DR: 16:49 And when I put a new bookkeeper on, I said, go and read that manual and there are the templates and come back to me when you've done that. But what I found was that they still needed way too much training. And I thought, why do they need way too much training? When I've got it, they would ask me a question, I'd say, well, it's in the manual and haven't you read that bit? And I would go straight to the menu because I knew it back to front, of course, because I created it. And it was frustrating for me because they weren't learning what was in the manual and they didn't know where in the manual that they could reference it. Um, the, the question that they had. And so I thought, right, what I'm going to do is I'm going to create a video and I remember this vividly. 

DR: 17:32 We've got a little beach house down on the coast in Victoria and that was going to be my summer holiday project. I had the system set up on my computer and what I thought I'd do was I'll, I'll just take the manual with me and I'm just going to read from the start of the manual all the way through and create the screenshots and the video and when I need to do to explain that, and I thought maybe that I learn differently. Maybe it'll be easier if they watch a video. Anyway, I started the recording and I've got down to the first page and I'll stop the recording and I went, but then if you put that there, that actually that's got nothing to do with this. It's kind of some random Clomid that you've thought of that you've put in this spot, but it actually has nothing to do with anything else on that page that actually belongs over here. 

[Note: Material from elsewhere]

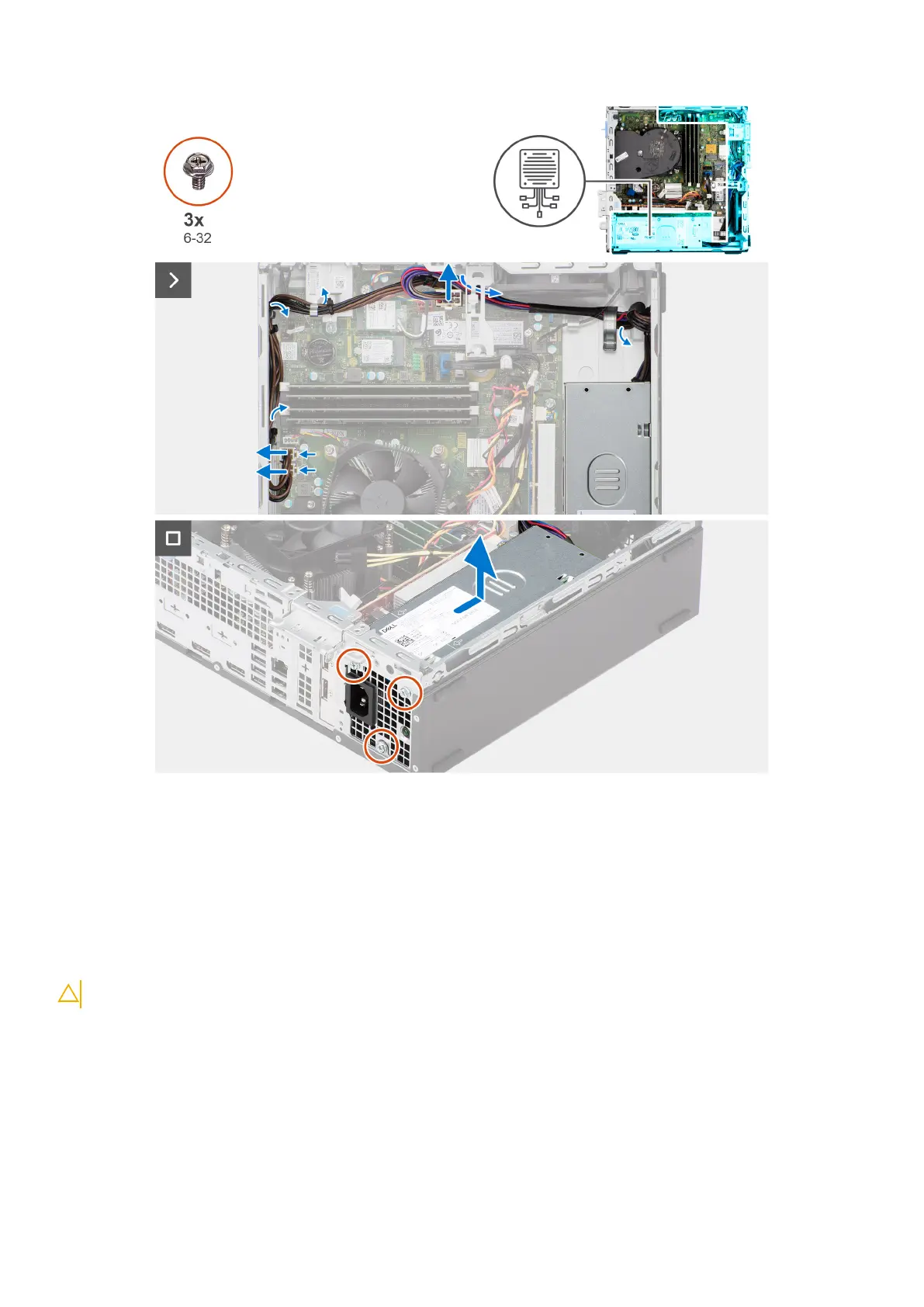The following image indicates the location of the power-supply unit and provides a visual representation of the installation
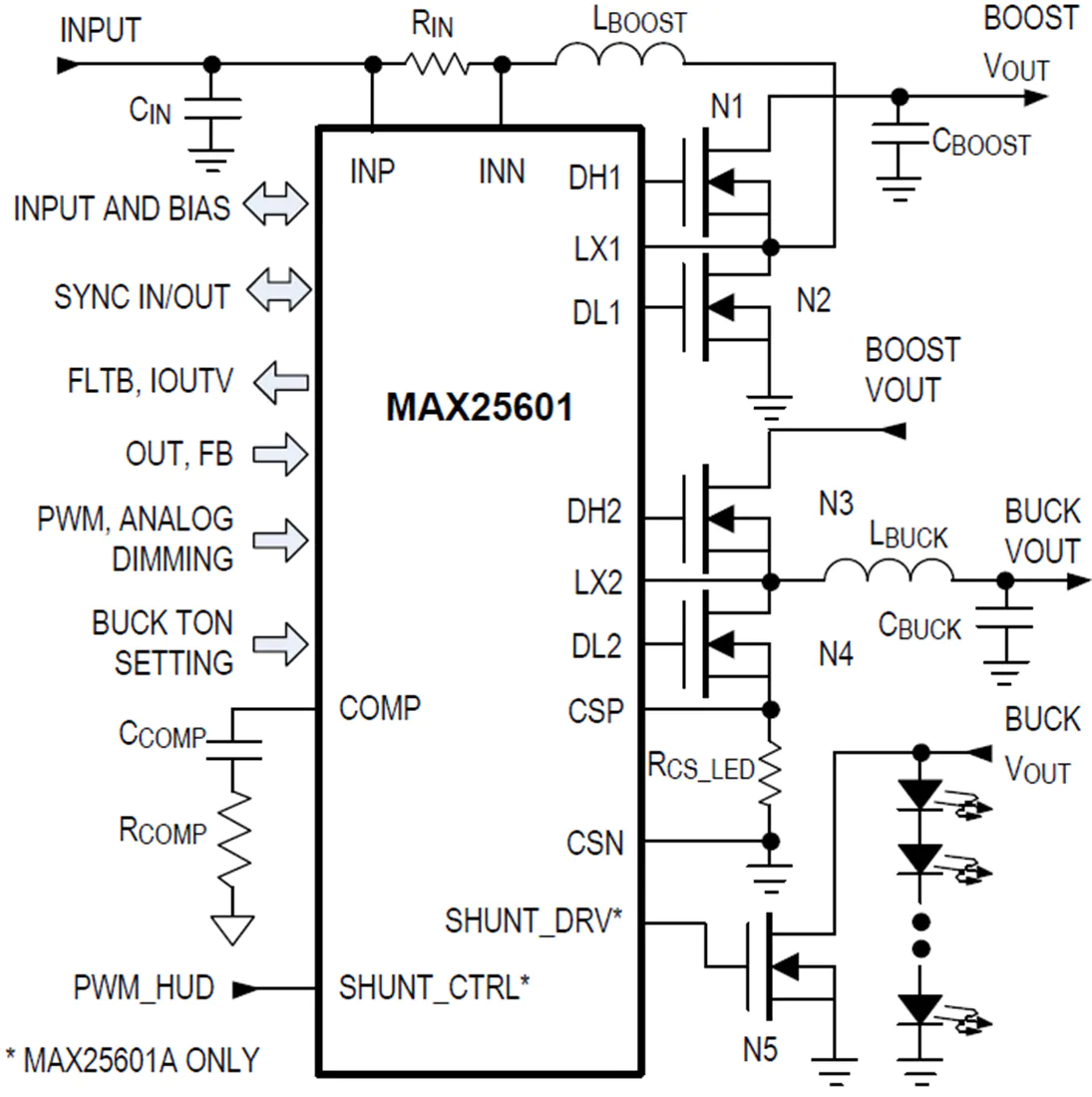 Maxim MAX25601A/MAX25601B/MAX25601C/MAX25601D同步升压/-降压控制器是后跟同步降压LED控制器的同步升压控制器。该升压控制器具有4.5V至40V输入电压范围,非常适合用于汽车应用,并可用作第二级降压LED控制器的预升压电源。该同步升压器是一种电流模式控制器,可以与另一个器件并联以提供更高的输出功率。SYNC OUT引脚提供时钟来驱动另一器件的RT/SYNC IN引脚,从而实现两相180度异相操作。该升压转换器经设置可实现200kHz至2.2MHz的开关频率。该器件具有扩频功能以降低EMI。该器件具有内部数字软启动特性,以实现升压输出的平滑上电。该器件具有断续模式、过压保护和热关断等保护特性。

DR: 18:26 And I close the book and realize that I needed to rewrite my manual because it, although the, the information was there, it wasn't ordered, there was no logical order to it. So that was another then 12 months of working out with what order, what is the best audit to put these in, what is logical, how are my team going to be able to search for stuff themselves? And that thing came to what we've now got in the pure bookkeeping system and the way I've ordered a bit, which has logic and uploads on and everything is in its right area. 

MP: 19:09 Wow. 

MP: 19:10 You know, I'm sure people are listening and, and thinking to themselves, that sounds like a massive, massive undertaking and a massive project. Where did you get the time to do it? 

DR: 19:25 And you hear this all the time, and I've, I've made the time, um, know I didn't have time. I didn't have to. That's it. That was one thing that I said to Pete, uh, on that first day when, when he said, uh, do you think you'd, you took everything out of your head and wrote it down and taught someone to follow up. Would that work? And I said, what time of the day am I supposed to do that? Like midnight to dawn? I mean, seriously, I'm really full, I've got no time to do this. That was my exact words to him. I still remember that vividly. However, what do I want to, I just made it happen. I shifted things that I had a choice at that point in time. If I couldn't find the time, then what I needed to do was not grow my business. 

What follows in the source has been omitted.